## INFORMATION:
--- START ---

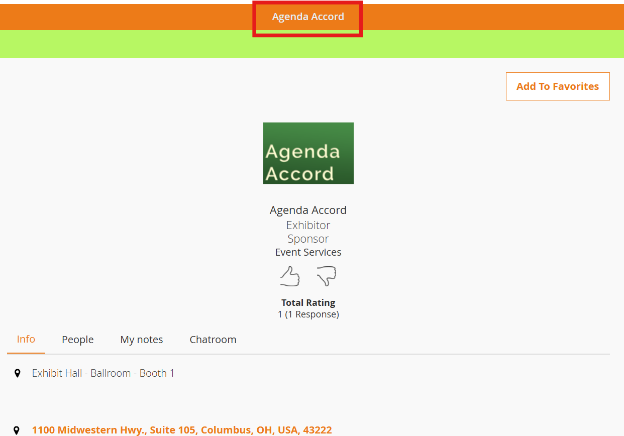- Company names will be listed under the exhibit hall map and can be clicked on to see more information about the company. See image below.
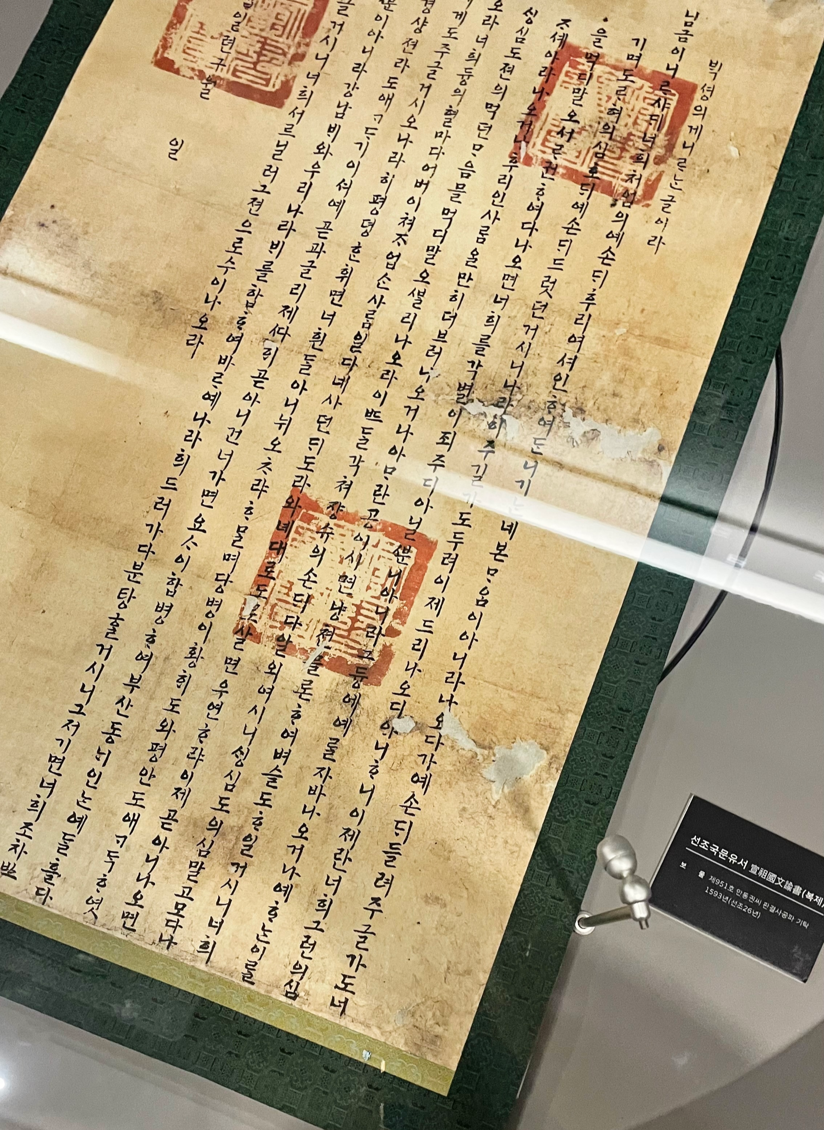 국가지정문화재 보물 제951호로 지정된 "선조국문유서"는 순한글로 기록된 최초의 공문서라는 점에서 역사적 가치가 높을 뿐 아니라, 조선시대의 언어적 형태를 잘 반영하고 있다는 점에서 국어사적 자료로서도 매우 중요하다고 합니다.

--- END ---
--- START ---

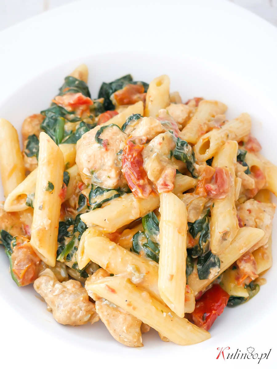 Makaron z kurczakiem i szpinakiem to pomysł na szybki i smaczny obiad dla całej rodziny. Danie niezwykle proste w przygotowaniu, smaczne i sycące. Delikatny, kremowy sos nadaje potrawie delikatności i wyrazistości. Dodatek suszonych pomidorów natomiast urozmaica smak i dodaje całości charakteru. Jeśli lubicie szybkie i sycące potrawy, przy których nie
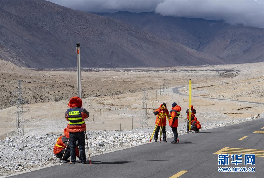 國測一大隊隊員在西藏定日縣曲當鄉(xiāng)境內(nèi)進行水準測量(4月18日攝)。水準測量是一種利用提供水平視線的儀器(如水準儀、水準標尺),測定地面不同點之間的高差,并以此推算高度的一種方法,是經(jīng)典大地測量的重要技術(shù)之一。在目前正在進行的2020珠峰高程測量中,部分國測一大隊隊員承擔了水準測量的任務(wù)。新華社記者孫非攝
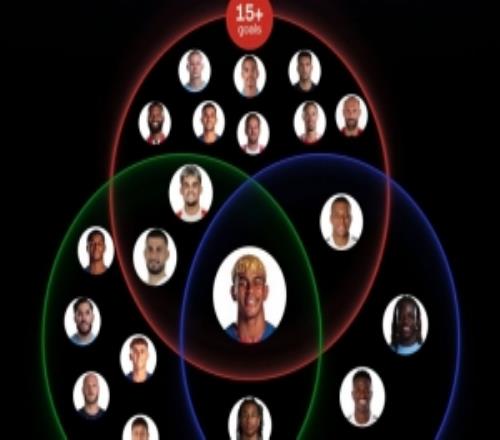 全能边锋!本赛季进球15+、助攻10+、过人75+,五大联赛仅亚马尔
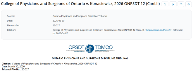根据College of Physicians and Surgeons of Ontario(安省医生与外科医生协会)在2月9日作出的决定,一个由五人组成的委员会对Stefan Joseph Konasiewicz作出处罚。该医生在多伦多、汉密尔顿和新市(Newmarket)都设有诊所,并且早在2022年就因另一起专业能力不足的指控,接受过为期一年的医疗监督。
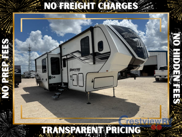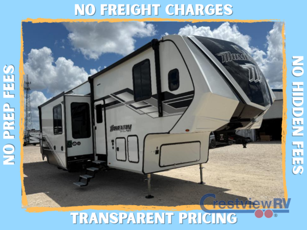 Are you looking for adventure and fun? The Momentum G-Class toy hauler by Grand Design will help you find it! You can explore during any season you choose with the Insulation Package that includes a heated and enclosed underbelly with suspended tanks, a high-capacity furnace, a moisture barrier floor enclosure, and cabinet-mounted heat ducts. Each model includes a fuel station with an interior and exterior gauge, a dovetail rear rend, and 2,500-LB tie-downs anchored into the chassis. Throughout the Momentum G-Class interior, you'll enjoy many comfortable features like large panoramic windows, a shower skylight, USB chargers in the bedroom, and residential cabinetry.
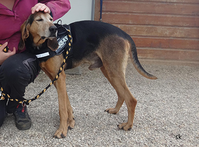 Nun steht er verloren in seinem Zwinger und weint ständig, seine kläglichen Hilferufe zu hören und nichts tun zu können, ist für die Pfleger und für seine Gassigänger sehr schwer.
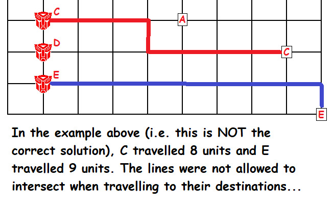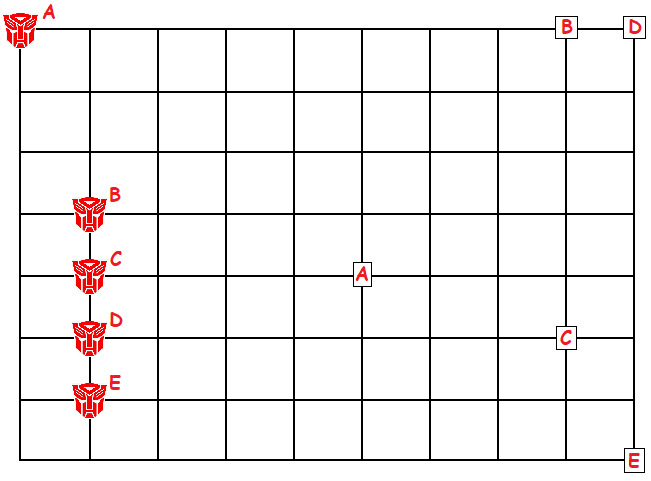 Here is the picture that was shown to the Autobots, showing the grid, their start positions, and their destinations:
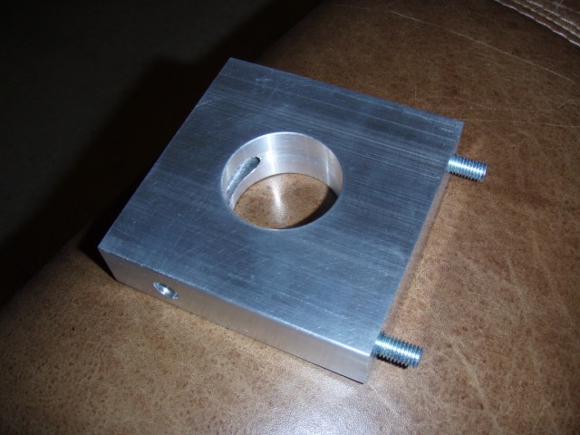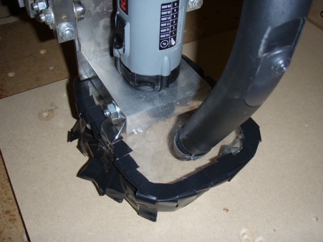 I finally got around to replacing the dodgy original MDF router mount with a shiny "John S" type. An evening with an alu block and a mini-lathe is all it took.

--- END ---
--- START ---

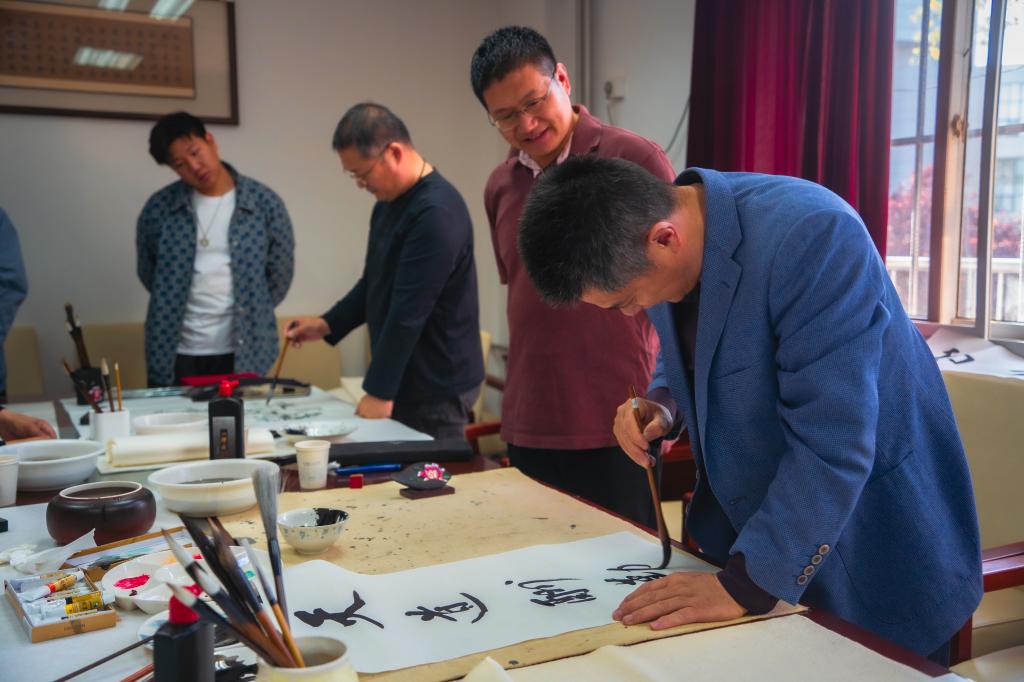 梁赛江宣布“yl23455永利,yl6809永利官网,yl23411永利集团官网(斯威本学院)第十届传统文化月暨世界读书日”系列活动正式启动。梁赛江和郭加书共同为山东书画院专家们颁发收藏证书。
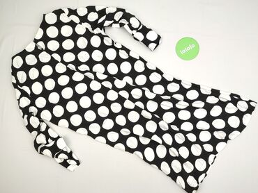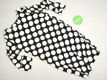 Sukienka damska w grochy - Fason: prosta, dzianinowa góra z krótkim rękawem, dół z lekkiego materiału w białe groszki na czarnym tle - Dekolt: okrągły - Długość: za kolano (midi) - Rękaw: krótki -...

--- END ---

## PROMPT:
Out of the records above, return only the lines from the one with "Makaron z kurczakiem" through the one with "Are you looking", exactly, and none of the pictures.

## EXERCISE ANSWER:
 Makaron z kurczakiem i szpinakiem to pomysł na szybki i smaczny obiad dla całej rodziny. Danie niezwykle proste w przygotowaniu, smaczne i sycące. Delikatny, kremowy sos nadaje potrawie delikatności i wyrazistości. Dodatek suszonych pomidorów natomiast urozmaica smak i dodaje całości charakteru. Jeśli lubicie szybkie i sycące potrawy, przy których nie
 國測一大隊隊員在西藏定日縣曲當鄉(xiāng)境內(nèi)進行水準測量(4月18日攝)。水準測量是一種利用提供水平視線的儀器(如水準儀、水準標尺),測定地面不同點之間的高差,并以此推算高度的一種方法,是經(jīng)典大地測量的重要技術(shù)之一。在目前正在進行的2020珠峰高程測量中,部分國測一大隊隊員承擔了水準測量的任務(wù)。新華社記者孫非攝
 全能边锋!本赛季进球15+、助攻10+、过人75+,五大联赛仅亚马尔
根据College of Physicians and Surgeons of Ontario(安省医生与外科医生协会)在2月9日作出的决定,一个由五人组成的委员会对Stefan Joseph Konasiewicz作出处罚。该医生在多伦多、汉密尔顿和新市(Newmarket)都设有诊所,并且早在2022年就因另一起专业能力不足的指控,接受过为期一年的医疗监督。
 Are you looking for adventure and fun? The Momentum G-Class toy hauler by Grand Design will help you find it! You can explore during any season you choose with the Insulation Package that includes a heated and enclosed underbelly with suspended tanks, a high-capacity furnace, a moisture barrier floor enclosure, and cabinet-mounted heat ducts. Each model includes a fuel station with an interior and exterior gauge, a dovetail rear rend, and 2,500-LB tie-downs anchored into the chassis. Throughout the Momentum G-Class interior, you'll enjoy many comfortable features like large panoramic windows, a shower skylight, USB chargers in the bedroom, and residential cabinetry.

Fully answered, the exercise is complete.